Девушка как во сне подошла к креслу, на котором сидел жених её сестры Кати, машинально дотронулась рукою до мягкой спинки, к которой, полчаса тому назад, так прижималась его голова, и вдруг засмеялась странно, тихо, не замечая, как переливы смеха переходили в рыдания и трясли её худенькие, неправильные плечи.

— Варя! — послышалось в коридоре, — Варя! Да чего ты опять прячешься?

«Мама!» — беззвучно прошептала Варя, замерла на месте и вдруг неслышно, как мышь, скользнула к окну и снова вскочила на подоконник.

В зал вошла хорошенькая, толстая женщина, живая, моложавая, с необыкновенно вычурной причёской; она оглядела комнату светло-голубыми глазами и ушла ворча: «Никогда её нет, когда надо!»

Варя снова скользнула с окна и выбежала в противоположную дверь.

* * *

Вечерело.
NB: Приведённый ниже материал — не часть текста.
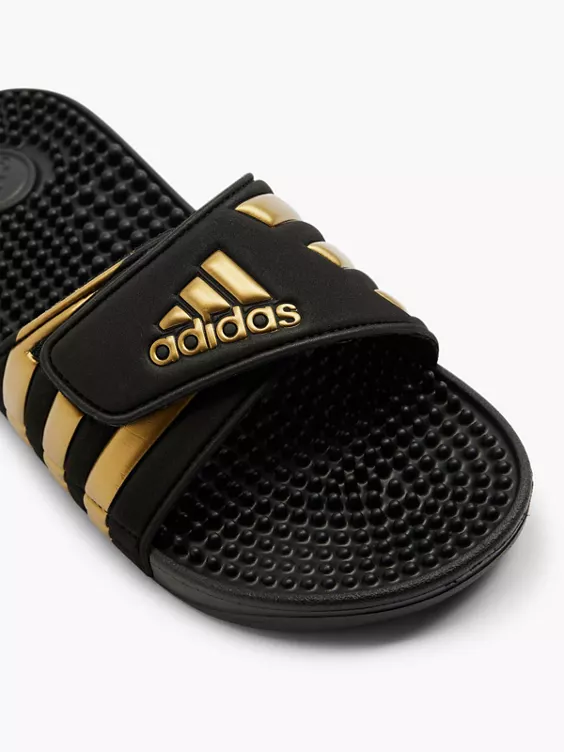 Die adidas Adissage Badeschlappen haben einen weitenregulierbaren Riemen, der sich perfekt an deinen Fuß anpassen lässt. Außerdem garantiert das Fußbett mit Massagenoppen Komfort pur für müde Füße nach einem harten Workout.Sie sollten also in keiner Gym-Tasche fehlen. Wenn du allerdings auf der Suche nach bequemen Massage-Badeschlappen für den Alltag bist, empfehlen wir dir die Adissage TND Badeschlappen.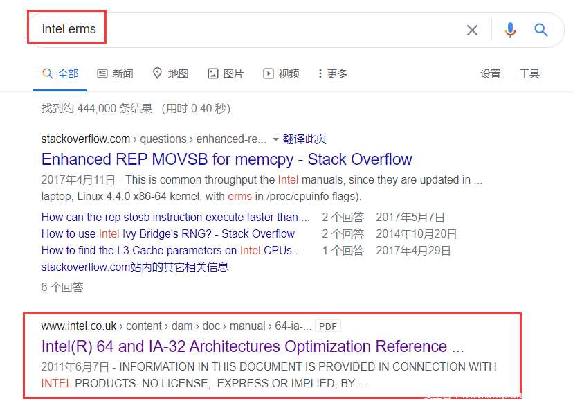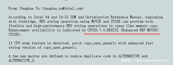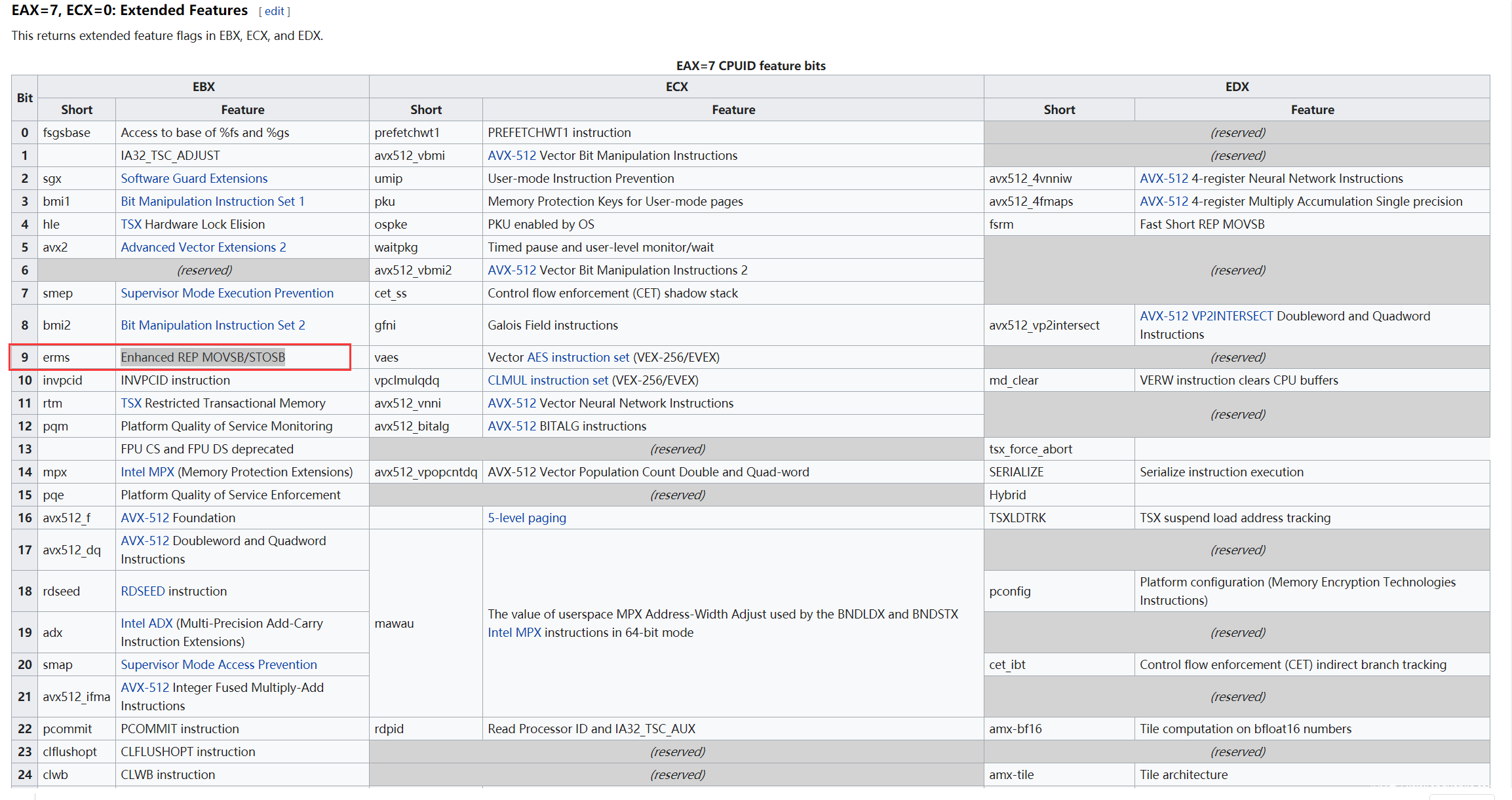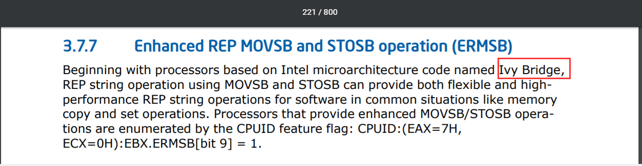 根据搜索到的信息来看,这个所谓的ERMS确实是Intel提供的优化新能的指令,CPUID+7就是来检测当前的CPU是否支持这个性能优化指令的;一切都顺理成章;那下边就要确定下从哪一代Intel的CPU开始,这个ERMS特性是支持的了,这个要查询Intel的白皮书了;

Громадный тёмный кабинет замер в массивной неподвижности тяжёлых портьер и старинной мебели.

В пушистой медвежьей шкуре лежали подушки; на них, в утомлённой позе, сидел Пётр Николаевич Варгутин и глядел в топившийся камин. Груда каменного угля, как фантастический огненный грот, видоизменялась каждую минуту, то замирая в чёрных пятнах, то оживая в огненных языках, то рассыпаясь столбом мелких красноватых искр.

Варгутин так сильно устал за последнее время, так много нового, странного совершилось с ним, что иногда, в минуты одиночества и отдыха, он ясно сознавал как бы распадение самого себя. Душа его вступала в распрю с разумом, и как две самостоятельные силы они громко беседовали между собою, а сам он, Варгутин, впадая в сонливую апатию, прислушивался к их голосам.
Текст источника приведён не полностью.